The samples were submitted to FDLE’s laboratory in November 2024. For the next two months, forensic scientists worked to extract viable genetic material from the degraded bones—a process complicated by environmental exposure and limited genetic material.
The Identification
On January 21, 2026—nearly ten years after Jacob Lyon was last seen alive—the DNA results came back. The remains found in that Miramar Beach wooded lot were a match to the DNA samples Lieutenant Lee had collected from Jacob’s family a decade earlier.
“That DNA sample was compared to the original sample that Lieutenant Lee, then Detective Lee, gathered from Jacob’s family, and we were able to make that positive confirmation and identification of Jacob from that,” said Major Dustin Cosson of the Walton County Sheriff’s Office during a joint press conference with Niceville Police.
For Judy Lyon, the news brought a devastating mix of relief and renewed grief. Her son was no longer missing. But he was gone.
“Ten years is a long time. But Jacob is home. Jake is back with his family, and family can make a little bit of closure,” Major Cosson said. “My number one priority was to try and find closure for his mother. Judy has been working with me fairly closely this entire time,” Lieutenant Lee added.

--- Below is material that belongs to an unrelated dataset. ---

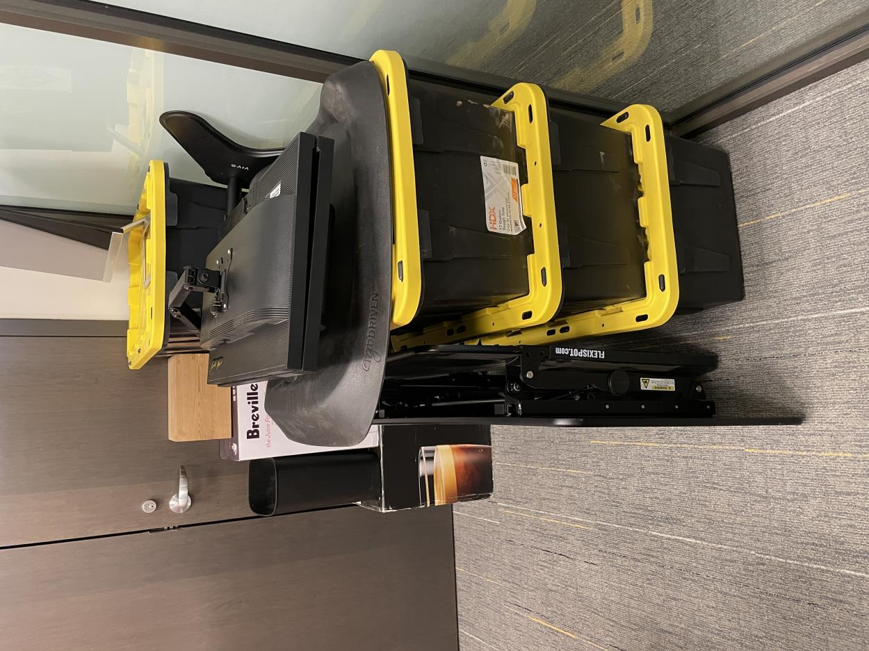 9 storage boxes, 1 office chair, 3 computer monitors w/ stands, 1 standing desk (converter, not a full desk), 3 small misc items. All items are inside an office building. Would need to be picked up Mon-Fri business hours.

The Investigation Continues
The identification of Jacob’s remains marks not the end of the case, but the beginning of a new phase. With a body recovered, investigators can now work to determine how Jacob died—a question that carries the weight of potential foul play.
Walton County Sheriff’s investigators, now working in partnership with Niceville Police, have launched a formal death investigation. The scene where Jacob was found offers both challenges and opportunities. The Sleep Inn behind which he was discovered no longer exists; the area looks “completely different” than it did in 2022, according to Major Cosson. Investigators are reviewing Niceville Police Department’s decade of reports, searching for any mention of Miramar Beach, the individuals connected to that area, or patterns that might explain how a Niceville teen ended up dead in Walton County.
“This is not by all means the end of an investigation but it’s the furtherance in the start of another investigation,” Major Cosson emphasized. “We don’t know right now exactly what happened, but what we do know is that we have a positive confirmation of Jacob Lyon, and that we’ll be continuing the investigation and the partnership.”
Law enforcement officials are asking for the public’s assistance in solving the mystery of Jacob’s death. Anyone with information about Jacob Lyon’s activities in late 2015, his associates during that period, or circumstances surrounding his death is urged to contact the Walton County Sheriff’s Office at 850-892-8111.
For a family that has waited ten years for answers, closure remains incomplete until they know not just where Jacob died, but how and why. Jacob Lyon came home on January 21, 2026—but the truth about what happened to him is still out there, somewhere in the shadows of that Miramar Beach wooded lot and the lost years of a troubled young man’s final days.